Mendelian randomization (MR) is a statistical technique used in epidemiology to explore the causal relationship between an exposure, such as a risk factor or environmental factor, and an outcome, such as a disease or health condition, using observational data. MR uses genetic variants, typically SNPs, that are strongly associated with the exposure of interest as instrumental variables to estimate causal effects. This is based on the principle that genetic variants are randomly allocated at conception and are not influenced by behavioral or environmental factors. For MR to be valid, it must satisfy three core instrumental variable assumptions: (1) The genetic variant used as an instrument for the exposure is associated with the exposure (the relevance assumption); (2) The genetic variant is independent of any confounders that can bias the relationship between the exposure and the outcome (the independence assumption); and (3) The genetic variant affects the outcome only through the exposure and not through any other pathways (the exclusion restriction assumption)38.

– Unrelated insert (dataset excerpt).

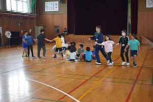 子どもたちが,ボールを持っている選手の後ろから離れないように機敏に後を追っていきます。離れないでくっついていく様子は,金魚をイメージしています。イメージを持ち,楽しそうに,ラグビーらしいよい動きをしている子どもたちでした。
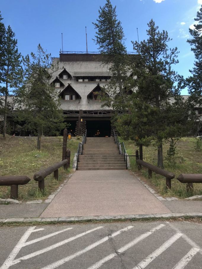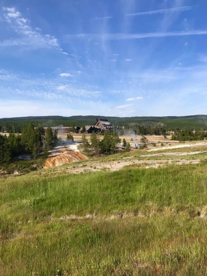 Canyon Village Lodging: This was our first time staying in the Canyon Village area because often online forums will say how crowded it is, but we loved the central location and the quirky mid century at summer camp vibe! We got a Western Cabin at the Canyon Lodge & Cabins. The cabin architecture is funky in the best way and, while the interiors are stripped of retro character, they are a nice place to spend a night. The nearby main building, housing various restaurants and shops, is mid century National Park architecture at it’s best. Even the interior is designed with the original architecture in mind. Bonus of staying here was being able to drive back down to Hayden Valley after dinner to animal peep during primetime – which we all agree was our favorite activity of all in the park! Day two itinerary: I would have stayed our second night at the Mammoth Hot Springs Hotel but it was undergoing renovations during our trip and I was more than happy to do two nights at my ultimate destination, Old Faithful Inn, and have to backtrack a bit one of the days. So for us, our day 2 was spent covering the upper loop area between Canyon and Mammoth, including Lamar Valley. This is the day we saw the grizzlies right after we got on the road oh my goodness!!!! We ended with an afternoon hike to an lesser known river/hot springs spot right on the Montana state line (but the springs were extremely hot and the river was fast so I don’t recommend it for younger kids). Then we drove straight to the Old Faithful Inn and spent the rest of the night soaking up Old Faithful Inn. More on that in a second.

We used the two-sample MR method to evaluate whether genetically predicted smoking behaviors relate to skin cancer risk. The two-sample MR, in which the variant-exposure and variant-outcome associations are measured in separate samples, offers high statistical power by combining data from multiple large consortia. For each measure of smoking behavior, individual effect estimates for each SNP were calculated using the Wald-type ratio estimator by dividing the variant-outcome association by the variant-exposure association39. Multiple SNPs were then combined into a multi-allelic instrument using the random-effects inverse-variance weighted (IVW) meta-analysis method40. We then performed sensitivity analyses (MR-Egger, weighted median, weighted and simple mode) to account for potential unbalanced horizontal pleiotropy and to evaluate whether the MR assumptions were violated41. We further used the MR pleiotropy residual sum and outlier test (MR-PRESSO) method to detect and correct for outlying variants42. We used the R software package TwoSampleMR for MR analyses43.

Ethics approval

The QSkin study was approved by the Human Research Ethics Committee of the QIMR Berghofer Medical Research Institute (P1309; P2034), and each participant provided written informed consent to take part.